• What this task involves
Only the lines from the one containing "我不使用Bootstrap或" through the end of the listing belong in the answer, repeated exactly, with no pictures.

• Information provided
☆ ☆ ☆ ☆

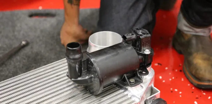 The BoostMax also features an adjustment knob, so we when we arrived in South Florida we ran baseline testing again with the knob turned to zero. Then we cranked up the boost to document the difference and then began to test the benefits of the Whipple hardware — an upgraded intercooler and a CAD-designed cold air intake.
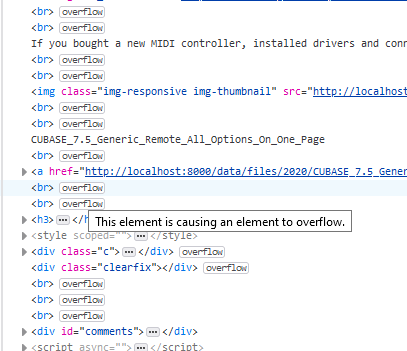 我不使用Bootstrap或reset.css/reboot.css,我试图用通用的css构建一个网站。我正在做一些非常基本的事情,但是我得到了“这个元素导致一个元素溢出”--实际上到处都是。我已经很长一段时间没有在没有任何css框架的情况下完成布局了,我也找不到关于这个问题的任何东西。即使是br也会导致溢出!这是什么?我没有看到任何蝎子,一切看上去都和我预期的一样。这条消息太烦人了。
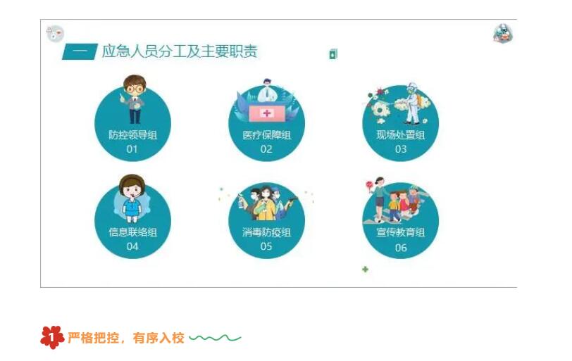 校园防疫重于泰山,师生健康高于一切。学校防控领导小组细致部署、认真制定周详演练方案,并在演练前专门组织了一场疫情防控工作专项培训,详细说明演练过程各岗位职责,由医疗保障、现场处置、消杀防疫、心理疏导以及宣传教育等多个责任小组通力合作,确保疫情演练有序开展。

☆ ☆ ☆ ☆

• Task response
 我不使用Bootstrap或reset.css/reboot.css,我试图用通用的css构建一个网站。我正在做一些非常基本的事情,但是我得到了“这个元素导致一个元素溢出”--实际上到处都是。我已经很长一段时间没有在没有任何css框架的情况下完成布局了,我也找不到关于这个问题的任何东西。即使是br也会导致溢出!这是什么?我没有看到任何蝎子,一切看上去都和我预期的一样。这条消息太烦人了。
 校园防疫重于泰山,师生健康高于一切。学校防控领导小组细致部署、认真制定周详演练方案,并在演练前专门组织了一场疫情防控工作专项培训,详细说明演练过程各岗位职责,由医疗保障、现场处置、消杀防疫、心理疏导以及宣传教育等多个责任小组通力合作,确保疫情演练有序开展。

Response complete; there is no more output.